# Halloween 2009!



## Junit (Sep 1, 2008)

Since you had a movie theme you could be the Texas Chainsaw guy Or Mike Myers.


----------



## CharlieWinslow (Aug 16, 2008)

*Cool!*

You're right! That'd be so cool! But good Leatherface and Myers masks are hard to find, and the good ones are pricey... Well, keeping your movie theme idea in mind, I think I'll dress as Hannibal Lecter! I can find the mask at pretty much any store, and I only have to wear white clothes and backcomb my hair! Or I could be Billy the Puppet from Saw! I'd wear a suit and the mask that can also be found pretty much anywhere! But it's not the best mask I've seen either... Well, I could wear Billy the Puppet makeup instead, what do you think?

Thanks


----------



## Jimmi48 (Feb 22, 2009)

Paint a captain kirk mask white. done.


----------



## CharlieWinslow (Aug 16, 2008)

*Yeah*

Lol! Yeah, I know it's a Shatner mask, but then again, these are not that easy to find, at least, not in my town. Thanks


----------



## Jimmi48 (Feb 22, 2009)

Try ebay.
That'll do the trick.


----------



## CharlieWinslow (Aug 16, 2008)

*Thanks*

Good idea, but I think my choice is gonna be inbetween Billy and Hannibal for this year! How are you gonna dress up?


----------



## CharlieWinslow (Aug 16, 2008)

And how are you gonna dress up?


----------



## Jimmi48 (Feb 22, 2009)

I go nuthin' yet.


----------



## TheCostumer (Oct 12, 2008)

How about The Joker Nurse! 

That's from the last batman film with Heath Ledger










Not too technical or expensive.
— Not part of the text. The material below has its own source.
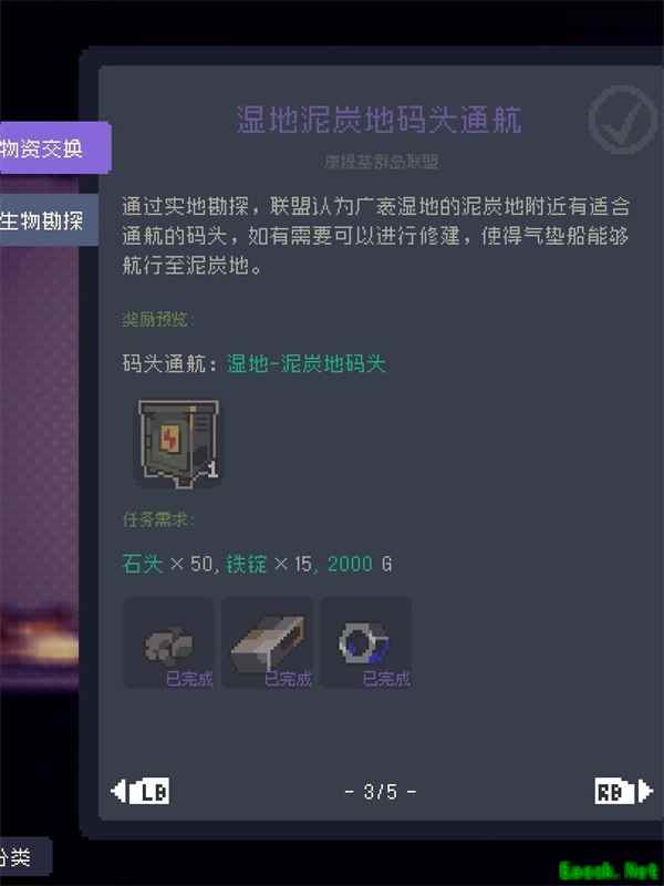 【湿地码头】 第三和第四个任务都是建造湿地的码头。(但基本只是为了完成第五个任务而做,基本没啥用)
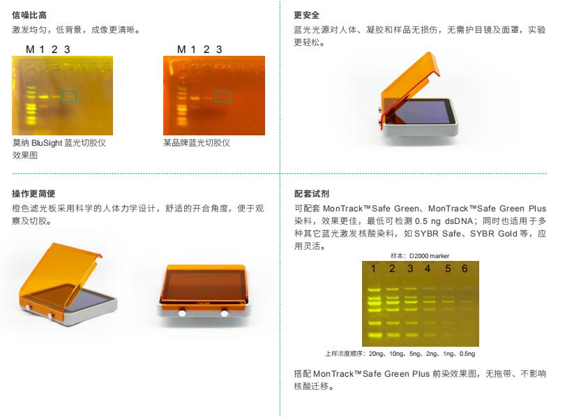 BluSight藍(lán)光切膠儀主要應(yīng)用于藍(lán)光激發(fā)的核酸染料標(biāo)記的凝膠觀察及切膠。采用科學(xué)的人體力學(xué)設(shè)計,舒適的開合角度,使得切膠觀察更輕松。藍(lán)光光源保護(hù)樣品更保護(hù)操作者安全,可配套莫納安全核酸染料使用,也適配多種藍(lán)光染料,應(yīng)用更靈活。體積小巧,節(jié)省空間,觀察、切膠好助手。

The makeup may be a little tricky but you have plenty of time to practice.

A red wig, nurse's outfit with cap. Use a pair of keds and just plain socks.

That's what I am thinking about at this point


----------



## CharlieWinslow (Aug 16, 2008)

*Lol!*

Lol! That's a good one!  One of my friends dressed like that last Halloween!


----------